Por último, Jac Leirner oferece-nos uma série de esculturas em arranjos plásticos ou em esquemas organizados de objectos coleccionados. Em ambos os casos, remete-nos para “lembranças de uma viagem e uma âncora no tempo”[2]. Enquanto, no primeiro caso, aparenta construir uma bibliotecas de imagens, com os próprios objetos, e criticar a frivolidade e a quantidade dos mesmos; na segunda situação, parece sublinhar a importância da cultura material na memória individual e cultural. Num mundo, de facto, global, onde a travessia mundial pode ser feita na medida de horas, será a antropologia da vida material o método ideal à reconstrução das travessias invisíveis e das afinidades construídas? Segundo a artista, depende do (também seu) arquivo pessoal, pois o institucional, com todo o peso do capital, não cumprirá a tarefa memorial. Fá-lo a artista por meio de cartões de visita de taxistas, lápis de souvenirs, máscaras e stickers — num conflito entre a preciosidade e a inutilidade de uma certa cultura material: “trés chique. Boring. Bêtise. But why? A simpatia e a revolta convivem na cidade e naquele que sobreviveu às mós da dor e da dúvida”[3]. Se não conseguirem apanhar as bitcoins perdidas no chão, não se preocupem, a artista também constrói um picotado nas paredes onde expõe as obras, e se as conseguirem rasgar levam metade das paredes para casa!

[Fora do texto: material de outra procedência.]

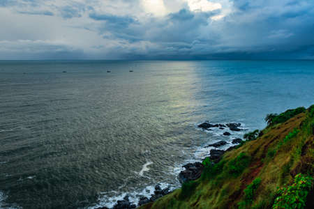 sea horizon view with dramatic cloud from mountain top image is taken at gokarna karnataka india.

A transgressão d’Uma Certa Falta de Coerência é na verdade trans-fronteiriça, visto que já tem um pé dentro da areia movediça do espaço institucional. Ainda assim, esse lugar liminar continua a permitir a fuga às convenções e a denuncia às instituições: “e então a população percebe que, mais vale perder algumas ovelhas para o lobo, do que ter as plantações continuamente destruídas pelos javalis. O lobo não é mau e confunde-se com um estrangeirado que regressa a casa sem que o reconheçam”[4]. Será Uma Certa Falta de Coerência o Lobo da esfera institucional?

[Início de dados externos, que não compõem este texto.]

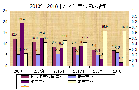 2018年初步核算,全年地区生产总值比上年增长 7.1 %。其中,第一产业增加值增长 6.2 %;第二产业增加值增长1.7 %;第三产业增加值增长 15.8 %。第一产业增加值占国内生产总值的比重为 19.76%,第二产业增加值比重为 42.59 %,第三产业增加值比重为37.65 %。

Acloc Oclock, com a curadoria de Uma Certa Falta de Coerência e obras de Babi Badalov, Jac Leirner e Stephan Dillemuth, está patente na Fidelidade Arte Lisboa até 3 de Janeiro de 2025.

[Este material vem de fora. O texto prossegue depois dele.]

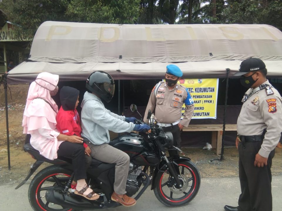 Pekanbarukini.com (PELALAWAN) – Polsek Kerumutan secara intensif melakukan upaya penekanan penyebaran covid-19 diwilayah hukumnya, Selasa (6/7/21).

Nota: A autora não escreve ao abrigo do AO90.

 

[1] Jameson, Fredric. Thee Seeds of Time. Nova Iorque: Columbia University Press, 1994, p. xii; e “Future City”, New Left Review, 21 de Maio/Junho, 2003, p. 76.
[2] Retirado da folha de sala.
[3] Retirado da folha de sala.
[4] Retirado da folha de sala.

Benedita Salema Roby (n. 1997). Investigadora e Escritora. Doutoranda em Estudos Artísticos: Arte e Mediações, na Faculdade de Ciências Sociais e Humanas da Universidade NOVA de Lisboa. Mestre em Estética e Estudos Artísticos e Licenciada em História da Arte, pela mesma instituição. Neste momento encontra-se a realizar uma investigação acerca da correlação entre o graffiti (escrita criativa transgressiva) e a construção da esfera contra-pública e proletária, na cidade de Lisboa. Tem colaborado em projetos independentes com fotógrafos e writers, como é o caso do recente foto-livro da artista Ana Moraes aka. Unemployed Artist, Lisboa e Reação: Pixação não É Tag.